Provided information >>
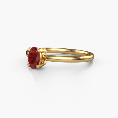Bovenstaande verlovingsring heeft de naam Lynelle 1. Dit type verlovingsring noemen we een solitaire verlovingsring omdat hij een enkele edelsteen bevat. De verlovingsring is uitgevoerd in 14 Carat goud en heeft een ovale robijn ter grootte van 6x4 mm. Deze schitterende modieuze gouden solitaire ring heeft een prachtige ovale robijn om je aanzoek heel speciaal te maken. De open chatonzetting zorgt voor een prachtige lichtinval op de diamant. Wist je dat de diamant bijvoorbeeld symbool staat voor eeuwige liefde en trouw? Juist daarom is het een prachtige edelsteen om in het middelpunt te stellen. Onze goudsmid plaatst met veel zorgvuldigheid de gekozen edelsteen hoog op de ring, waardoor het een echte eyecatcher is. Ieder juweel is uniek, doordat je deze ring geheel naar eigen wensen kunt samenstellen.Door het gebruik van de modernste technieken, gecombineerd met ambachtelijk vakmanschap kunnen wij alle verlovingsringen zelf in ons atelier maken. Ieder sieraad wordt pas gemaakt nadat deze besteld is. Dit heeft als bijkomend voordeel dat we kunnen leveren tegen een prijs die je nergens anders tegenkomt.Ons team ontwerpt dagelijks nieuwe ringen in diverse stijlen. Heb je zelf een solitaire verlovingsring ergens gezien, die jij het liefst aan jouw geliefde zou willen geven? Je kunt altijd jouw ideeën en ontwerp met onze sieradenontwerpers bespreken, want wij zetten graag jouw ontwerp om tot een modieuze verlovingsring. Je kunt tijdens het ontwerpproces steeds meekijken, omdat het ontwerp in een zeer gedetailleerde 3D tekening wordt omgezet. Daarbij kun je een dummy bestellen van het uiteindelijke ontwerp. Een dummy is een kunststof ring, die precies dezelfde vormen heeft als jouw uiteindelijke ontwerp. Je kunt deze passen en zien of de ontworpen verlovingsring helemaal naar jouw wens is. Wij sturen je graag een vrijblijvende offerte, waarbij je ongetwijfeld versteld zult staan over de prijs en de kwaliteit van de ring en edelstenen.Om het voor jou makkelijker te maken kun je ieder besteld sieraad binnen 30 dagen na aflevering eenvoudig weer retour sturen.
...
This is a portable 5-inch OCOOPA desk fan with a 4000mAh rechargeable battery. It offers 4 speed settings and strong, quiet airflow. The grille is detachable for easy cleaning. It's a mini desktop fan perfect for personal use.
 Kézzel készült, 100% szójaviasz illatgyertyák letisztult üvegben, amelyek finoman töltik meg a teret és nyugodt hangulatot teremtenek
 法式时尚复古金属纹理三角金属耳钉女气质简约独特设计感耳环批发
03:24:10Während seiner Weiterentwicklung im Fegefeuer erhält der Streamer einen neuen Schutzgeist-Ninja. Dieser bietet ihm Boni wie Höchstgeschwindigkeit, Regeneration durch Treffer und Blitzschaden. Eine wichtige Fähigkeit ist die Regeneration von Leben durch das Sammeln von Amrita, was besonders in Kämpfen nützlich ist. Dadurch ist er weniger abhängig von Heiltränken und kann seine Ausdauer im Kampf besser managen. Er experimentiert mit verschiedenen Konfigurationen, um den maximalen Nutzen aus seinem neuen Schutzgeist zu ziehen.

Exercise requirements >> Retype the entries above exactly, but only from the line containing "Kézzel készült, 100%" through the line containing "法式时尚复古金属纹理三角金属耳钉女气质简约独特设计感耳环批发", both included.

Answer section >>
 Kézzel készült, 100% szójaviasz illatgyertyák letisztult üvegben, amelyek finoman töltik meg a teret és nyugodt hangulatot teremtenek
 法式时尚复古金属纹理三角金属耳钉女气质简约独特设计感耳环批发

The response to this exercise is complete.